In November 2001, a SQL Server developer posted a seemingly simple problem to the public newsgroup microsoft.public.sqlserver.programming. Like other SQL Server Most Valuable Professionals (MVPs), I read this newsgroup almost daily, and this post caught my attention. The developer had written a GROUP BY query, but it wasn't working. The problem was a mysterythe query was simple, and the syntax was correct. All the evidence showed that the query should work. But as I and a few other newsgroup participants looked into the problem, we discovered that the database contained redundant information because the design failed to enforce a business rule. This real-world problem turned out to be a textbook example of the importance of understanding normalization, functional dependencies, and anomalies. Theory met practice, and the developer who originally posted the question got a by-the-book solution. The result was a working query that also provided some insight into database design. Let's look at the clues we discovered and see how they helped solve the mystery. If you want to work through the original scenario or understand the newsgroup participants' thought processes, you can read the original newsgroup thread, "GROUP BY Problem," at http://groups.google.com/groups?q=hancox+kass+query.
Case Notes
Suppose you're the developer who posted the question and you work for Everything Made Easy, Inc., an organization that runs workshops about a variety of topics, including pie making, wallpaper hanging, and plumbing. Listing 1's code creates a simplified version of the tables you use to track workshop participants and payments and that inserts some sample data into those tables.

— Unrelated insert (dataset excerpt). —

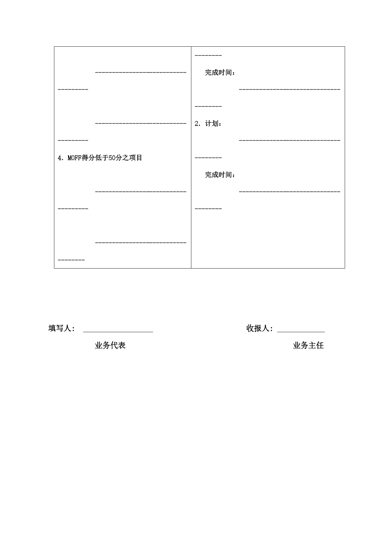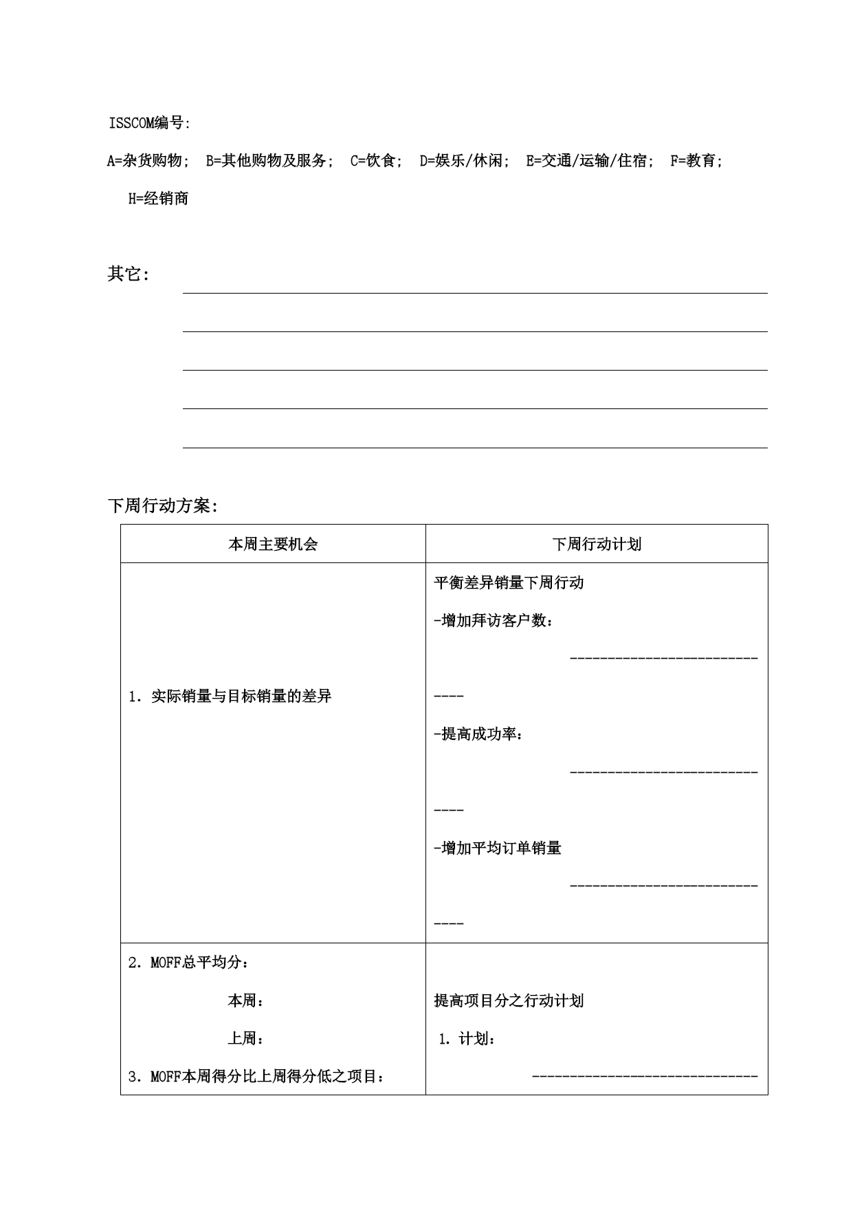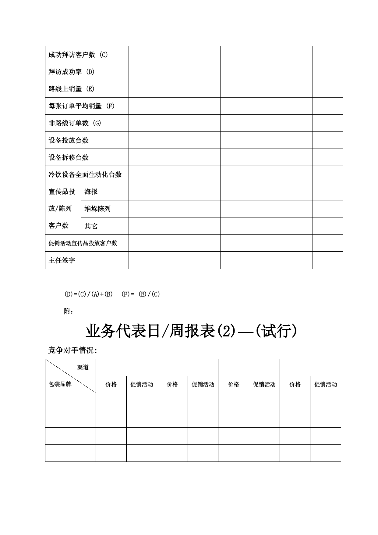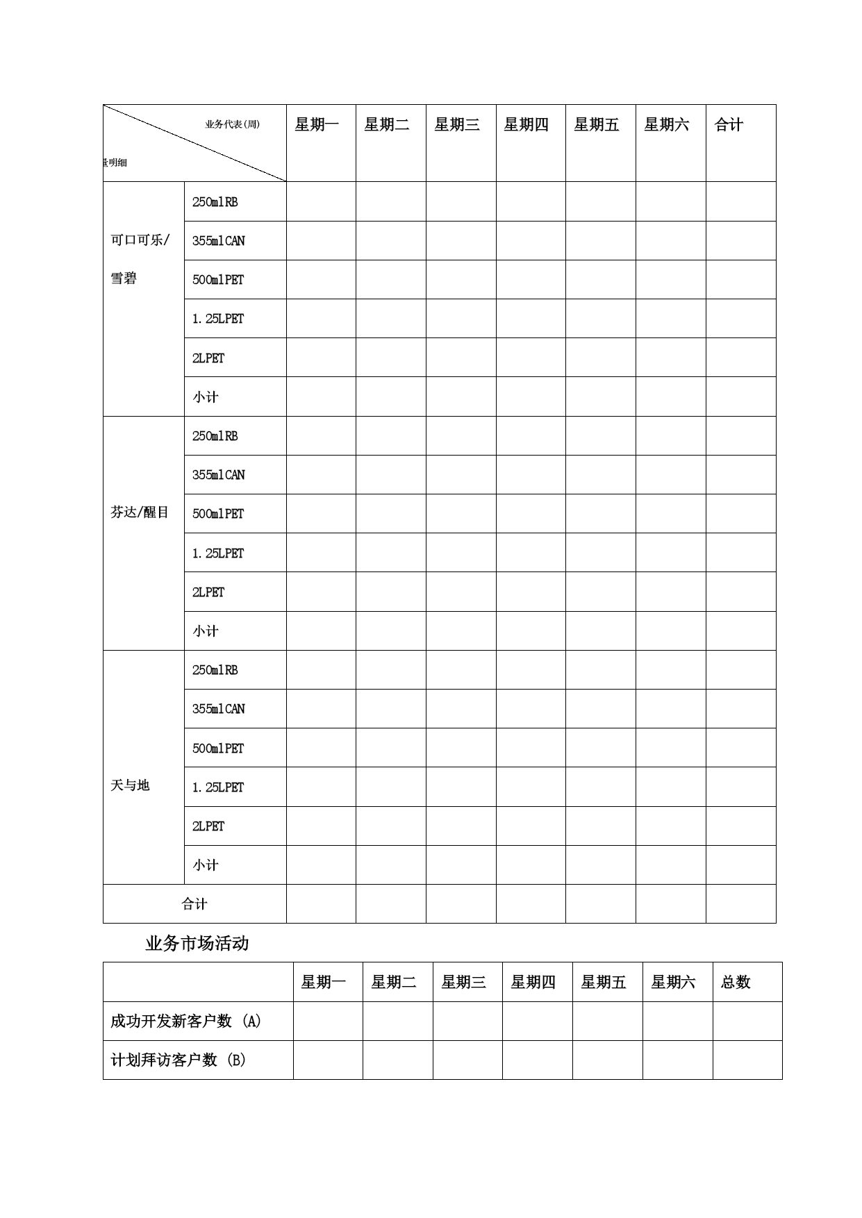 可口可乐销售代表金字塔培训教程附表:业务代表日/周报表(1)—(试行)业务代表:路线编号(包括属区):此报告日期月日至日销量:业务代表(周)星期一星期二星期三星期四星期五星期六合计销量完成销量目标销量差异完成当日%完成本周%LAMP资料离开公司时间回到公司时间行政时间路线时间业务代表(周)销量明细星期一星期二星期三星期四星期五星期六合计可口可乐/雪碧250mlRB355mlCAN500mlPET1.25LPET2LPET小计芬达/醒目250mlRB355mlCAN500mlPET1.25LPET2LPET小计天与地250mlRB355mlCAN500mlPET1.25LPET2LPET小计合计业务市场活动星期一星期二星期三星期四星期五星期六总数成功开发新客户数(A)计划拜访客户数(B)成功拜访客户数(C)拜访成功率(D)路线上销量(E)每张订单平均销量(F)非路线订单数(G)设备投放台数设备拆移台数冷饮设备全面生动化台数宣传品投放/陈列客户数海报堆垛陈列其它促销活动宣传品投放客户数主任签字(D)=(C)/(A)+(B)(F)=(E)/(C)附:业务代表日/周报表(2)—(试行)竞争对手情况:渠道包装品牌价格促销活动价格促销活动价格促销活动价格促销活动ISSCOM编号:A=杂货购物;B=其他购物及服务;C=饮食;D=娱乐/休闲;E=交通/运输/住宿;F=教育;H=经销商其它:下周行动方案:本周主要机会下周行动计划1.实际销量与目标销量的差异平衡差异销量下周行动-增加拜访客户数:------------------------------提高成功率:------------------------------增加平均订单销量-----------------------------2.MOFF总平均分:本周:上周:3.MOFF本周得分比上周得分低之项目:------------------------------------------------------------------------4.MOFF得分低于50分之项目-----------------------------------------------------------------------提高项目分之行动计划计划:--------------------------------------完成时间:--------------------------------------2.计划:--------------------------------------完成时间:--------------------------------------填写人:收报人:业务代表业务主任

You didn't design the database, but you're responsible for using and maintaining it. When the company receives a workshop registration form, you generate an invoice and insert the invoice details as a new row in the Invoices1 table. Each row represents one invoice and contains a unique invoice ID, the total fee, and the balance due on that invoice after you deduct any prepayment the customer sent with the registration. The Registrants1 table tracks customers, and each row in that table holds a customer's name, the workshop he or she signed up for, and the associated invoice number.

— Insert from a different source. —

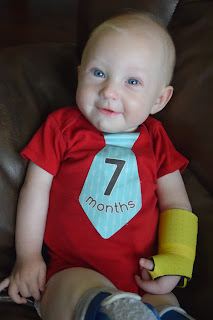 They are only to be worn together while he's sleeping (to gradually stretch his range of motion from 60* to 90*) and the wrist one alone is just to assist him during his weight bearing exercises, but I decided to show them off because people were asking to see what they look like. It'll be much easier to practice tripod sitting and rolling over now that his left hand can help a bit!
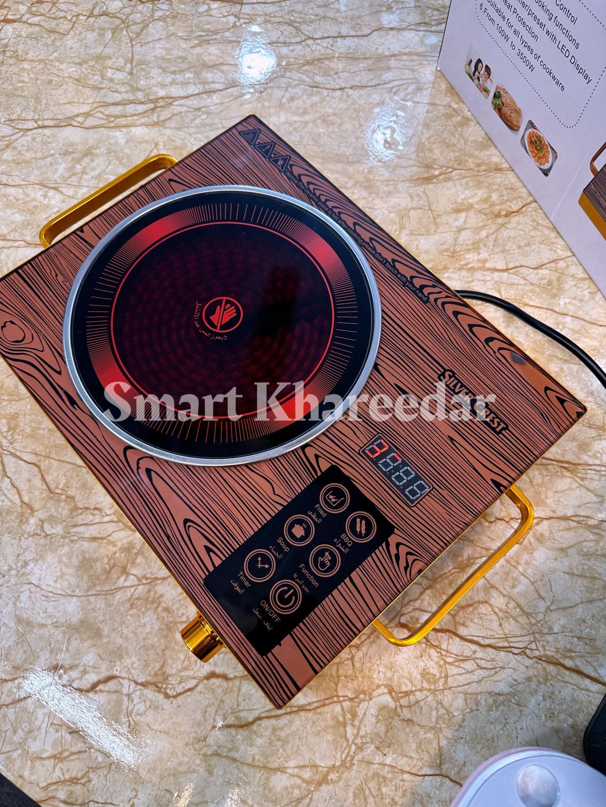 Modernize your cooking experience with the touch panel, offering easy and precise control. The Silver Crest Electric Stove is compatible with a wide range of cookware, including iron, steel, aluminum, glass, silver, non-stick, die-cast, and ceramic.

Your mission is to produce a summary report for all workshops. For each workshop, the summary must show the number of invoices, the total fees, and the total unpaid balance. The assignment seems easy, but unfortunately, something isn't working. By using the query that Listing 2 shows, you can easily generate a summary for one workshop at a time. Listing 2's query produces the correct summary for the Pies workshop, as Figure 1 shows. But when you try to use the query that Listing 3 shows to generate all the summaries at once, the query fails.
Following the Clues
Figure 2 shows Listing 3's results. The output accounts for five invoices, but the Invoices1 table contains only four, and the total fees and outstanding balances are too high. Closer inspection reveals that the result is wrong only for the Pies workshop totals. Two questions come to mind. First, why did the query fail to give the correct result? And second, how can you fix the query so that it works? Chances are good that if you can answer the first question, you can write a query that works.

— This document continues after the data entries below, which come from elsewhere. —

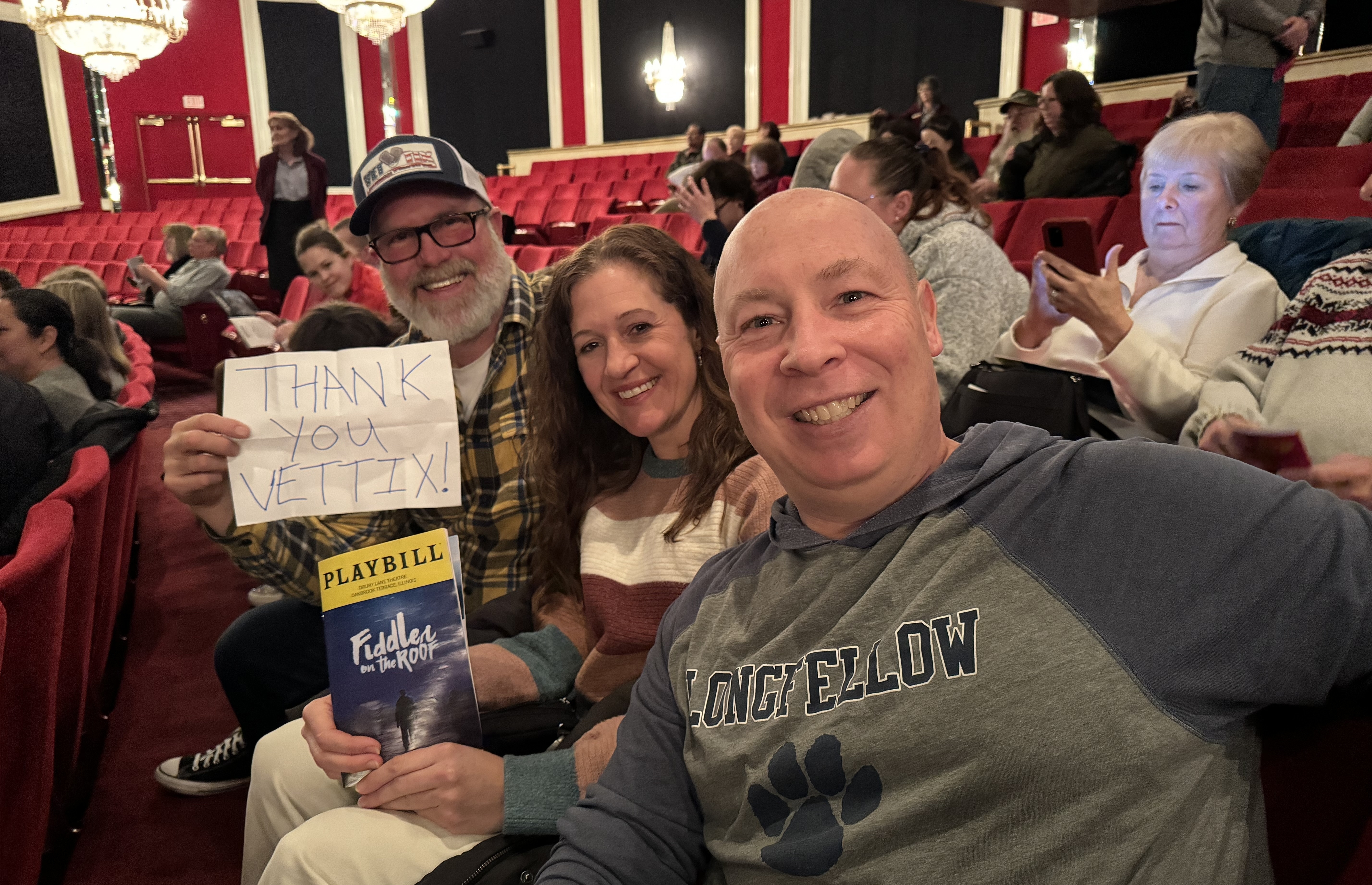Thank you Drury Lane and VetTix. We had a wonderful time. We love Drury Lane and the productions are always top notch. Fiddler on the Roof was an amazing show and the cast was even more amazing.
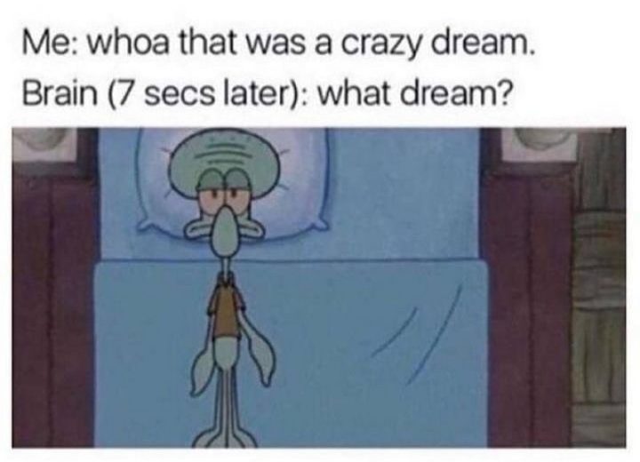 “Me: Whoa that was a crazy dream. Brain (7 secs later): What dream?”
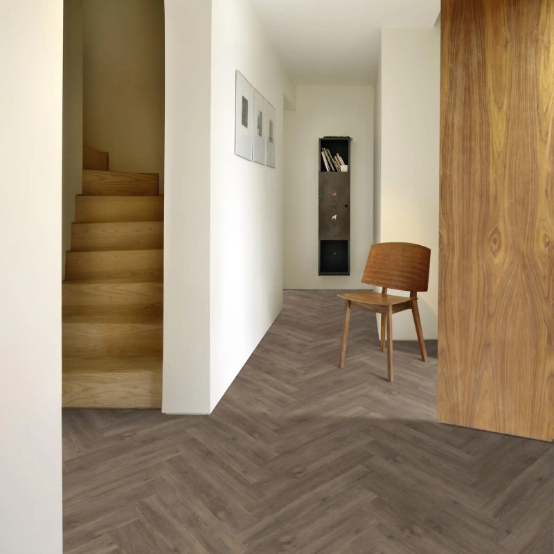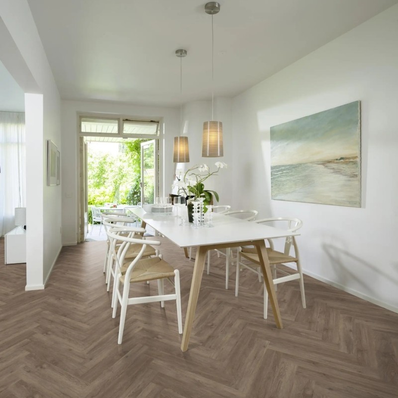 Kahrs Herringbone Click Collection – Sarek brings light oak tones and subtle wood grain detailing to a classic herringbone layout, offering a floor that blends Scandinavian simplicity with modern performance. The microbevelled edges define each plank, while the ceramic-coated surface enhances durability and ease of maintenance.

The Invoices1 table contains the data for the counts and sums, and the Registrants1 table relates the invoices to the workshops. The query results are wrong because Registrants1 relates Invoice 2 to the Pies workshop twice. That's because Boban and Margo registered for Pies together on Invoice 2. The database needs to keep track of both Boban and Margo, but does it need to store both the InvoiceID value (2) and the workshop name (Pies) twice? In other words, is any of the information in Registrants1 redundant?
Just the Facts
What is redundant information? Repeated data isn't necessarily redundant information. If I have two friends named Max, my address book repeats the data "Max", but the data isn't redundant. Information is redundant when a fact is recorded twice, directly or indirectly. The name Max is duplicated in my address book, but the duplicates represent separate facts. However, the single entry for my friend Paxton, in New York, NY 10003, records the fact that Paxton lives in New York, NY, twice: once directly and a second time indirectly. The entry contains the city and state where Paxton lives, and it contains his ZIP code; ZIP code 10003 is always in New York, NY. Because a US ZIP code always determines the city and state, the city and state information in my address book is redundant, assuming no missing ZIP codes.
What does this have to do with Everything Made Easy's database? To determine whether the Registrants1 table contains redundant information, you need to know whether the table records any facts more than once. Each row in Registrants1 contains a participant's name, a workshop name, and an invoice number. Invoices 2 and 4 are both listed with the Pies workshop, so you can't know an invoice number just by knowing the workshop namethe invoice number isn't redundant. But is the workshop name redundant? Can you determine the workshop name if you know the invoice number?